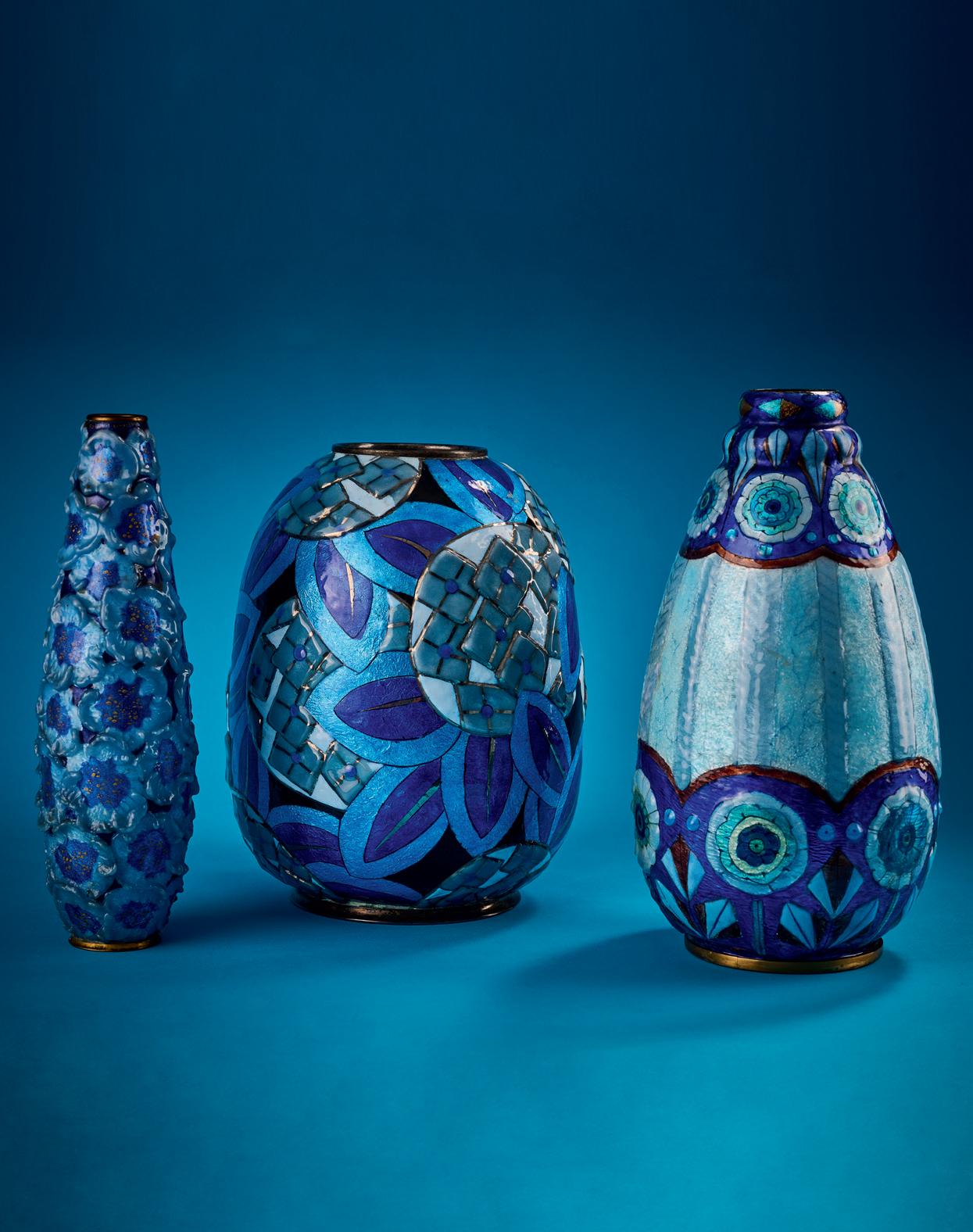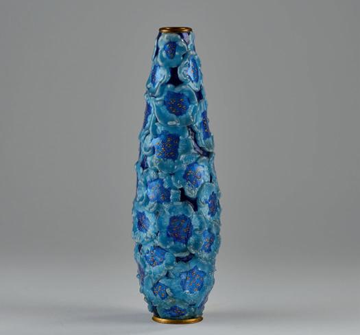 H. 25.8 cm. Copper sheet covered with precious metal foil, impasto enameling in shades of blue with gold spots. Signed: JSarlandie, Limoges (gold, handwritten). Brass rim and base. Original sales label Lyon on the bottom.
————
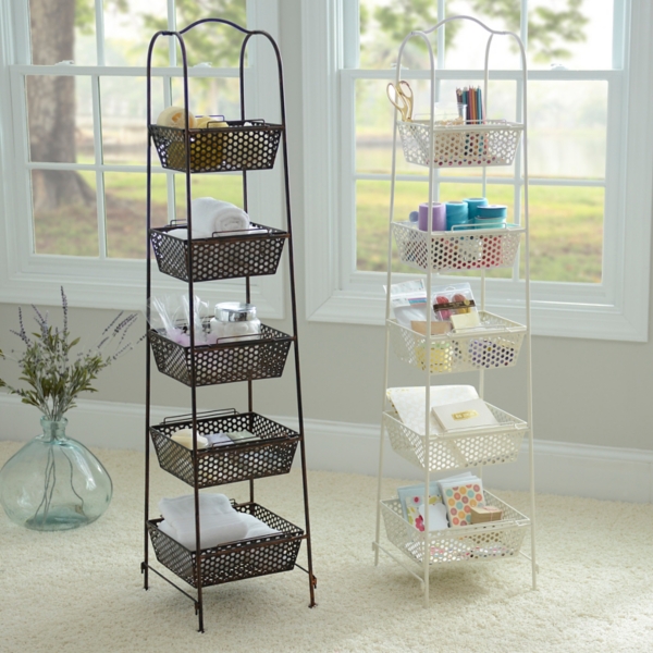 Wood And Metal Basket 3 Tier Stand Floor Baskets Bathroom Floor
————
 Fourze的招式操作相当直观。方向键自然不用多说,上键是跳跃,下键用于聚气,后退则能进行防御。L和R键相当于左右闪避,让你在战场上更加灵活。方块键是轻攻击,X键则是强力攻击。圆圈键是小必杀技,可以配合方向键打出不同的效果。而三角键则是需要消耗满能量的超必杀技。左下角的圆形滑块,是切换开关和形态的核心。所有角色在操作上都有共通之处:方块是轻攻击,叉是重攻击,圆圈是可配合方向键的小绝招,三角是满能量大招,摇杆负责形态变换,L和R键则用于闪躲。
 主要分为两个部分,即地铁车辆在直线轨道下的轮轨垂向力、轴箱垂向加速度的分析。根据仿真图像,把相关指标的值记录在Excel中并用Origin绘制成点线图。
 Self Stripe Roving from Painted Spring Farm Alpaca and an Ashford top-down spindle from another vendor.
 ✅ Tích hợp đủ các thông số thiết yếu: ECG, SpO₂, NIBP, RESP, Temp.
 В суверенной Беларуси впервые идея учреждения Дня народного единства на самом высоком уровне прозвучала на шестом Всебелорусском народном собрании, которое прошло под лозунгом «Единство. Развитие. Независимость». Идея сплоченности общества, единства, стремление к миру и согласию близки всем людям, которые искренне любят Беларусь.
————
WORK TASK:
Taking the line with "主要分为两个部分,即地铁车辆" as the first and the line with "В суверенной Беларуси" as the last, retype that stretch of the data above exactly, with no other lines.

ANSWER SPACE:
 主要分为两个部分,即地铁车辆在直线轨道下的轮轨垂向力、轴箱垂向加速度的分析。根据仿真图像,把相关指标的值记录在Excel中并用Origin绘制成点线图。
 Self Stripe Roving from Painted Spring Farm Alpaca and an Ashford top-down spindle from another vendor.
 ✅ Tích hợp đủ các thông số thiết yếu: ECG, SpO₂, NIBP, RESP, Temp.
 В суверенной Беларуси впервые идея учреждения Дня народного единства на самом высоком уровне прозвучала на шестом Всебелорусском народном собрании, которое прошло под лозунгом «Единство. Развитие. Независимость». Идея сплоченности общества, единства, стремление к миру и согласию близки всем людям, которые искренне любят Беларусь.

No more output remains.